Any doubts or difficulties regarding the implementation of agreements may be solved by the competent authorities by mutual agreement.

3.Exchange of information upon request

Exchange of information is obligatory, thus the correct request triggers administrative proceedings in requested state. Information should be given “as promptly as possible”; however, to ensure that the request will be answered, the 90-days threshold is set (the exception was made for Gibraltar). Therefore, if within 90 days as of the receipt the requested state was unable to provide the information, it should explain to the applicant reasons for its inability.  

The request itself should provide some data necessary to provide the information and to demonstrate the foreseeable relevance. Therefore, Agreements contain a list of data which should be delivered by the applicant; among others, the identity of the person under examination or investigation, the tax purpose for which the information is sought, to the extent known the name and address of any person believed to be in possession of the requested information; lists in particular agreements slightly differ, however the objection of TIEA remains. It should be noted that the applicant should indicate that it has pursued all means “available in its own territory to obtain the information, except those that would give rise to disproportionate difficulties”. As a result, exchange of information procedure should not supersede or replace procedural steps normally taken by the authorities of the applicant state within its jurisdiction.
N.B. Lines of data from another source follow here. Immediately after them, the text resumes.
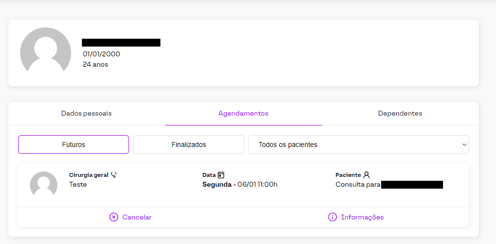Ele também poderá estar clicando em "Meus agendamentos" para verificar informações de agendamentos futuros, finalizados ou de dependentes.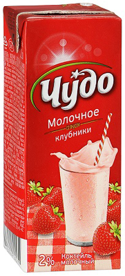 Молочный коктейль ЧУДО "Молочное" клубника 200 мл 2%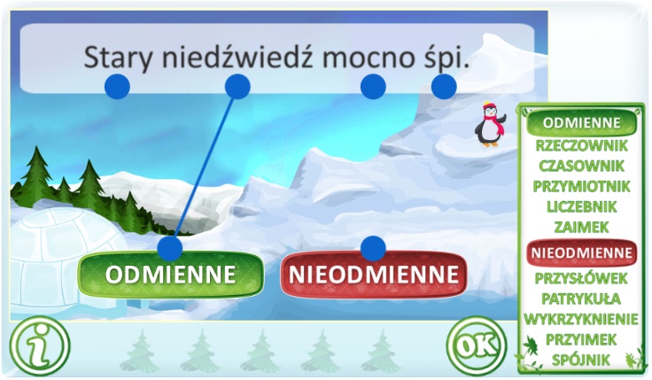Po rozwiązaniu quizów interaktywnych z programu Rozpoznawanie części mowy”, w sekcjach odmienne i nieodmienne części mowy, uczniowie będą z łatwością mogli udzielić odpowiedzi na pytania zawarte w tych sekcjach.
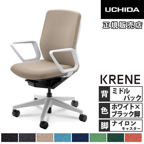 【最大1万円クーポン11/20-26】 【組立設置無料】 内田洋行 クレネ オフィスチェア ミドルバック ホワイトシェル リング肘 ナイロンキャスター 布張り チェア 日本製 KA-120WBRA PA 5-377-521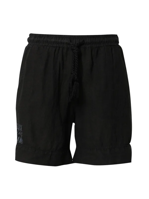 Design: Taille met trekkoord, Elastische taille/zoom, Om te knopen/binden, Paspelzak, Zakken aan de zijkant; Materiaal: Linnen; Motief: Effen; Details: Gedrapeerd; Extra's: Applicaties, Label print; Lengte: Kort/mini; Pasvorm: Regular; Taillehoogte: Mid waist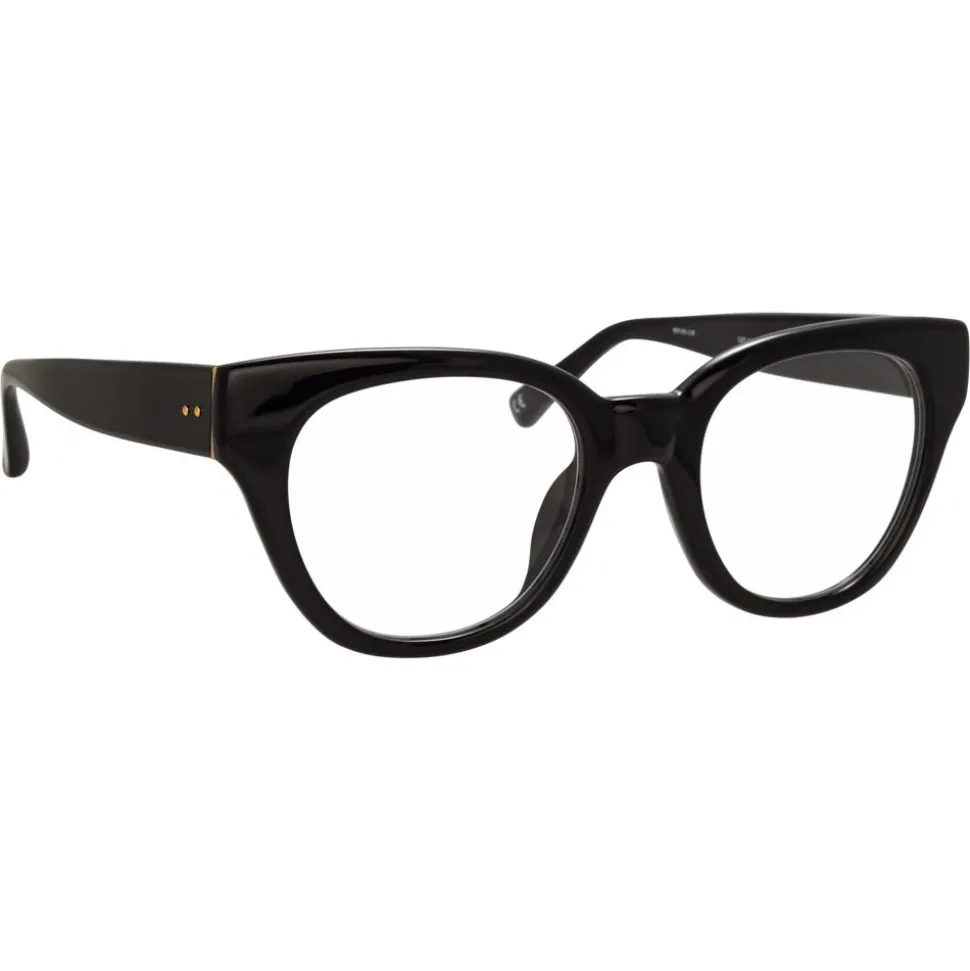 In a classic D-Frame silhouette reimagined in chunky luxurious black Italian acetate, these unisex Linda Farrow optical glasses are heavily bevelled and detailed with yellow gold-plated temple capping and raised pin details for a luxurious finish. Tapered temples provide superior comfort.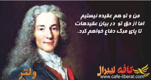 ولتر در جایی می‌گوید که “من و تو هم‌عقیده نیستیم اما از حق تو در بیان عقیده‌ات تا پای مرگ دفاع خواهم کرد.”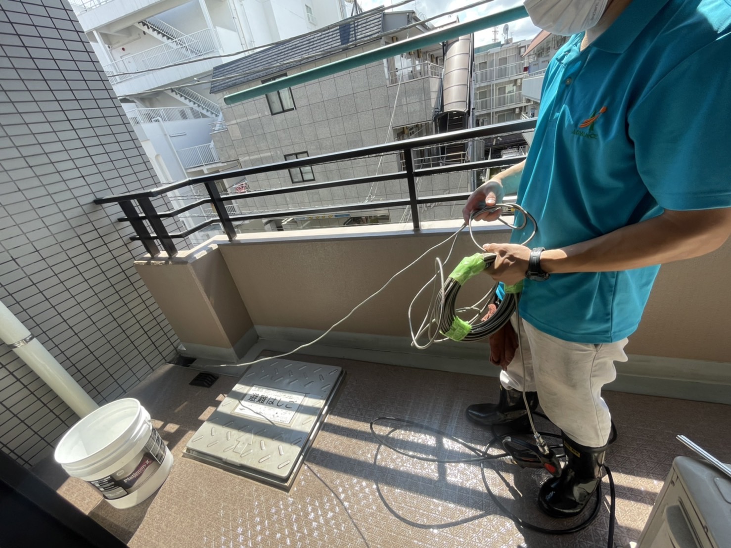 本日は排水管高圧洗浄とベランダ高圧洗浄の現場に行かせていただきました!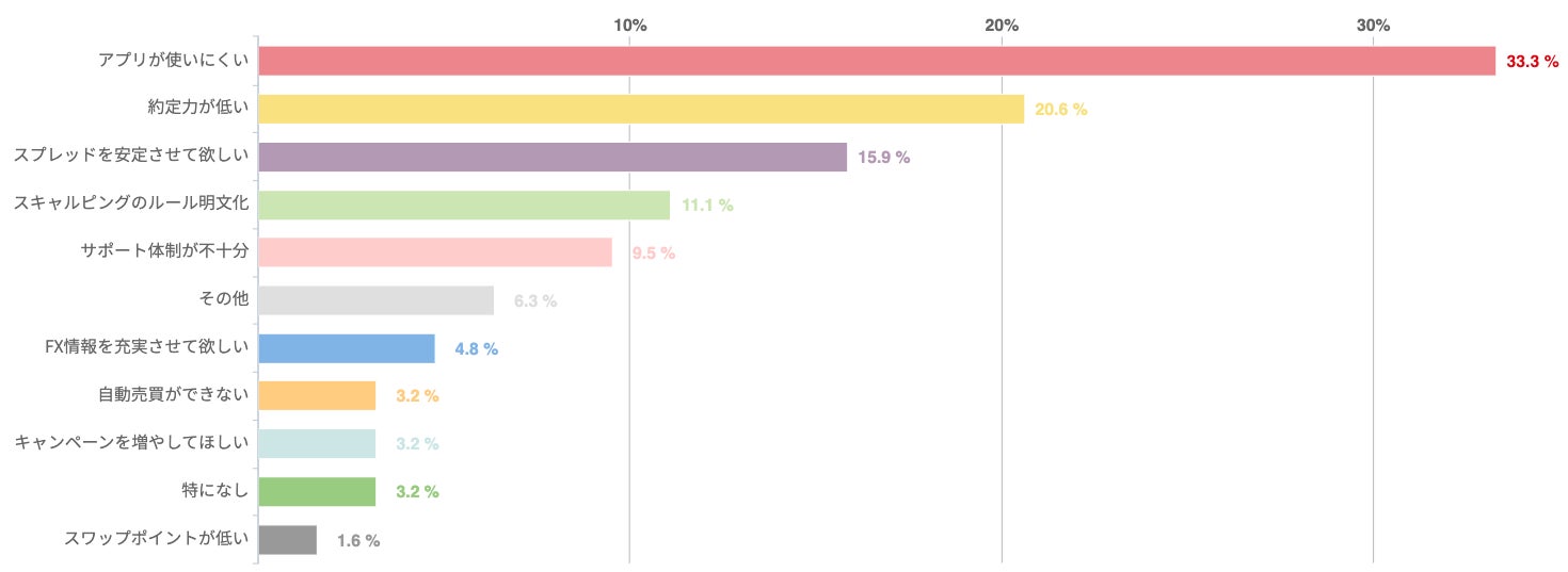 次いで、「約定力の低さを改善してほしい(20.6%)」「スプレッドが拡大しやすいので安定させて欲しい(15.9%)」「禁止されているスキャルピングの規定を明文化してわかりやすくして欲しい(11.1%)」などを希望するユーザーも多かった。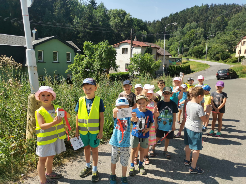 V úterý jsme se vydaly na hřiště, kde děti kreslily pomocí kříd perníkovou chaloupku, Karkulku nebo vlka.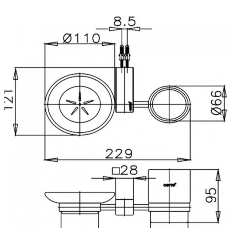 Bản vẽ kích thước kệ ly kết hợp dĩa đựng xà phòng COTTO ct 887 hm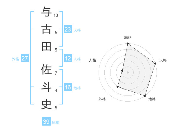 与古田 佐斗史さんを姓名の画数から五運を鑑定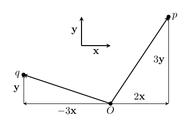 We can write . The scaled basis vectors we use to reach our vector are called the components of . In this example, the -component of is , and the -component of is . We can also refer to this vector by the list of the scalars for each of the components – these are called the coordinates of the vector. So the coordinates of are in this case. [2]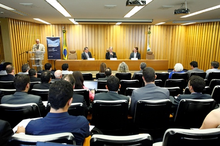 Relações institucionais. O Presidente Barros Levenhagen e o Secretário da SETIC enalteceram a interação entre instituições no Simpósio, para o debate sobre informações técnicas e boas práticas. Os gestores de Tecnologia da Informação da Justiça do Trabalho vão conhecer projetos e experiências do BCB, TCU, Universidade Católica de Brasília (UCB), Gartner Group – empresa norte-americana que desenvolve tecnologias – e dos Tribunais Regionais do Trabalho da 4ª (RS) e 19ª (AL) Regiões.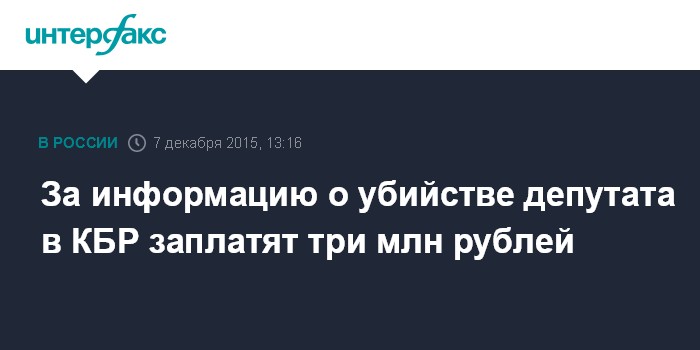 За информацию о убийстве депутата в КБР заплатят три млн рублей
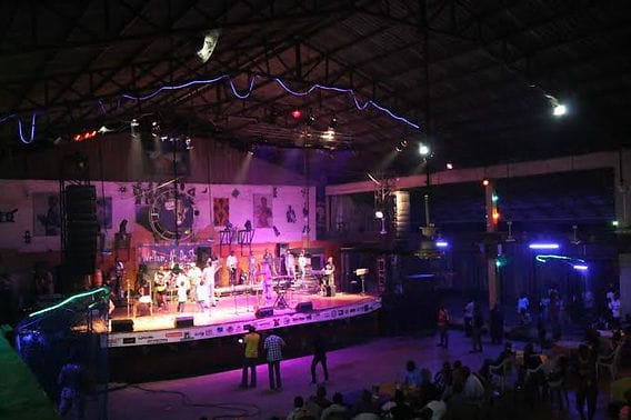 The New Afrika Shrine is an open-air entertainment center and the spiritual home of Afrobeat music, founded by Fela Kuti's children, Femi and Yeni Kuti.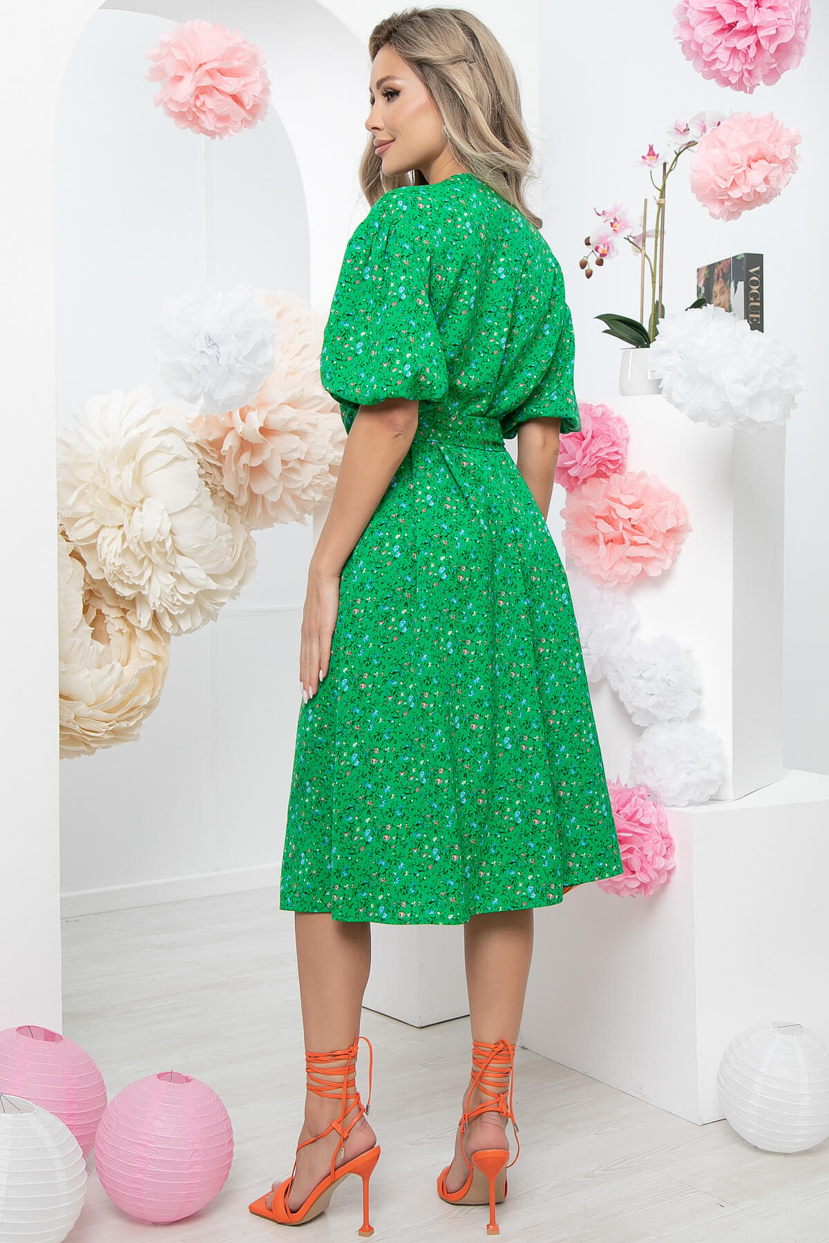 Яркое летнее платье точно не оставит Вас без внимания окружающих. Роскошные, объемные рукава со спущенным плечевым швом добавят образу легкости и изысканности. Все преимущества фигуры подчеркнет пояс из основно ткани, который идет в комплекте. Талия отрезная, юбка полусолнце.
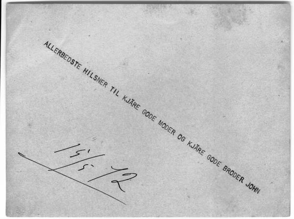 VERY BEST REGARDS TO DEAR SWEET MOTHER AND DEAR BROTHER JOHN. R. MALLING HANSEN.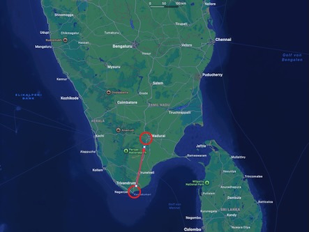 Für die 300 Kilometer lange Strecke benötigte der Zug etwas mehr als 5 Stunden. Die Fahrt ging zunächst Richtung Süden, nach Nagercoil, also fast bist zur südlichsten Spitze Indiens und dem südlichsten Punkt unserer Reise. Dann macht die Strecke eine Kurve und führt nach Norden, bis nach Madurai.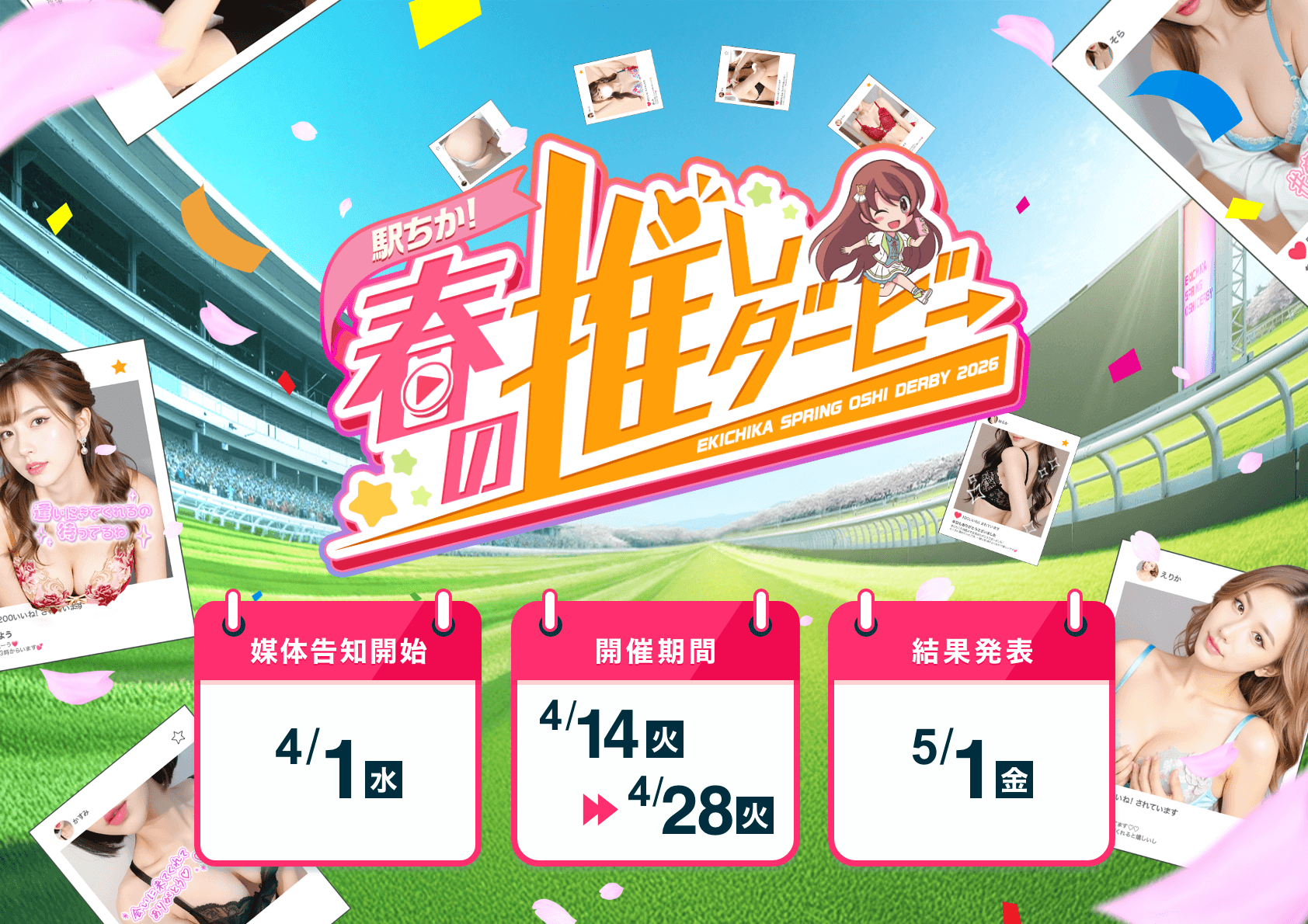 「駅ちか!春の推しダービー」とは、全国・全業種の女の子が写メ日記/TikTak動画を投稿し、ユーザーからの「いいね」や「見たよ」を集めて合計スコアを競って1位を決めるイベントです!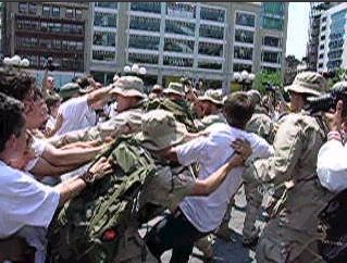The demonstration began with a group of “Iraqi” protesters clad in white tshirts. They approached the south steps from the west side of Union Square waving fists and shouting. A platoon sized contingent of IVAW, in battle dress - some carrying full packs - advanced cautiously on the protesters from the east. The IVAW vets held their arms and hands where they would be if the actors were carrying weapons. A confusing scene of shouting and protesters being thrown to the ground ensued. Protesters were forced to the pavement, searched and cuffed in nylon flexcuffs all too familiar to many New York City protesters. Eventually the IVAW contingent withdrew pointing their “weapons” at the protesters, some of whom lay still on the ground - handcuffed in the prone position. Media ran to and fro - taping the display for evening news broadcasts. According to the IVAW website - the action was entitled Operation First Casualty “because truth was the first casualty of the Iraq war. It is time for the American people to know the truth so they will act to bring the troops home now.”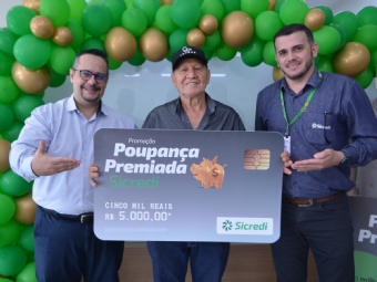 Sicredi Vale do Piquiri Abcd PR/SP entrega prêmio da campanha da poupança a associado de Roncador (PR)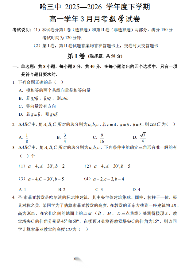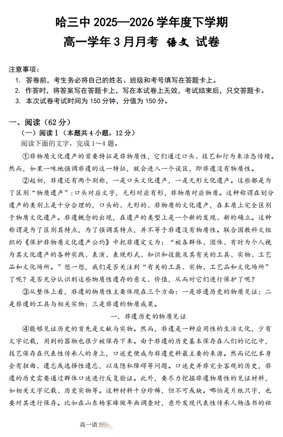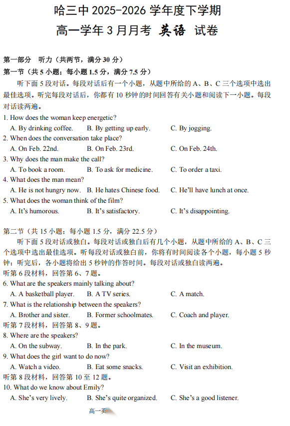 【百强校】【黑吉辽蒙卷】【高一】黑龙江省哈尔滨市第三中学2025—2026学年度下学期高一学年3月月考(3.30-3.31) 全科试题卷+答案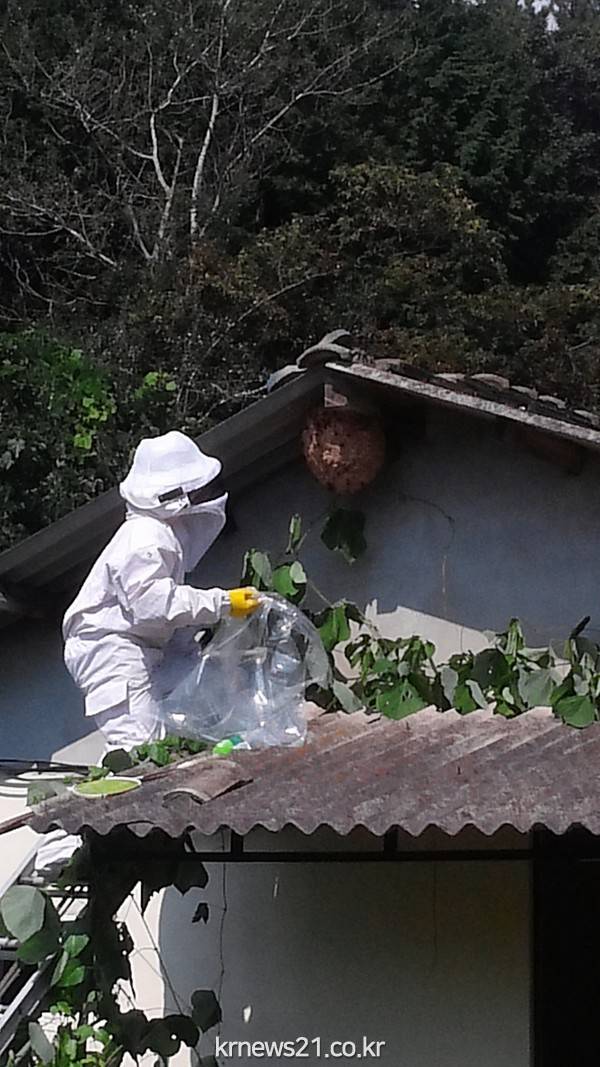 특히 8월 들어 보름여 동안 실적이 1천752건으로 지난 7월 한 달(1천586건)보다 늘었다. 전남지역 소방서별로 하루 10건 정도의 말벌 제거를 처리하고 는 셈이다.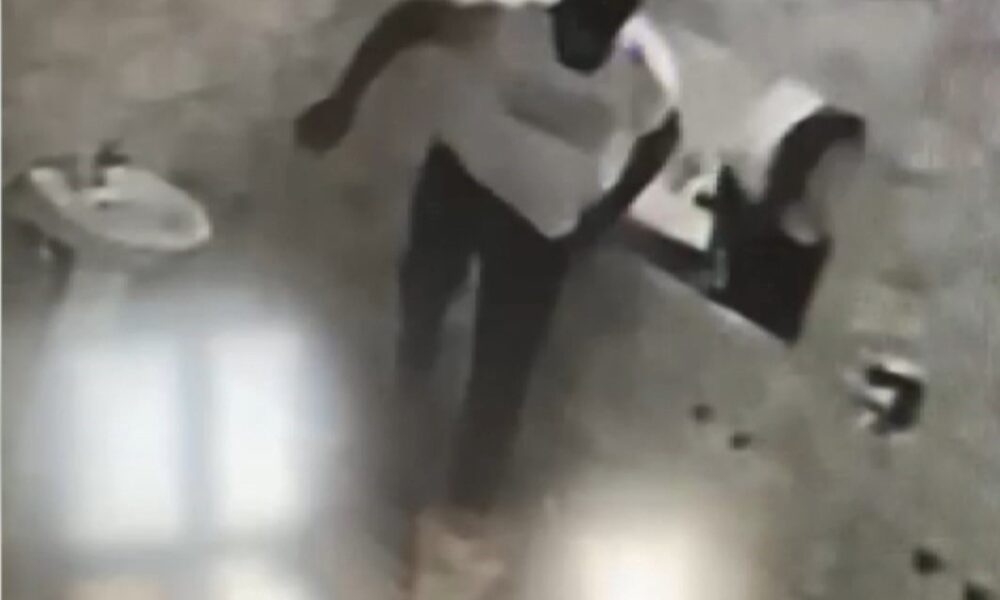 İstanbul- Bağcılar’da cami şadırvanının musluklarını ayağı ile kırıp çalan şüpheli kamerada

Since the exchange of information obligation should not be unlimited and absolute, agreements provide for declining options. The requested state may refuse to provide requested data, if it constitutes information that the applicant would not be able to obtain under its own laws for purposes of the administration or enforcement of its own tax laws. Moreover, the competent authority of the requested state may decline to assist where the request is not made in conformity with the agreement. Furthermore, there is no obligation to exchange information which encompasses information subject to legal privilege, or to supply information which would disclose any trade, business, industrial, commercial or professional secret or trade process, as well as information which disclosure would be contrary to public policy. In certain cases, the agreements with Bermuda and Gibraltar free the requested state from disclosing information which would reveal confidential communications between a client and an attorney, solicitor or other admitted legal representative.

4.Tax examination abroad

The agreements implement special procedure for cross-border examinations, where representatives of the competent authority from one state are allowed to carry out some administrative procedures within the territory of the other state. Although this procedure is limited to interviewing individuals and examination of records, both with the written consent of the person concerned, it significantly modifies exclusivity rule and is an important step towards international administrative co-operation in tax matters.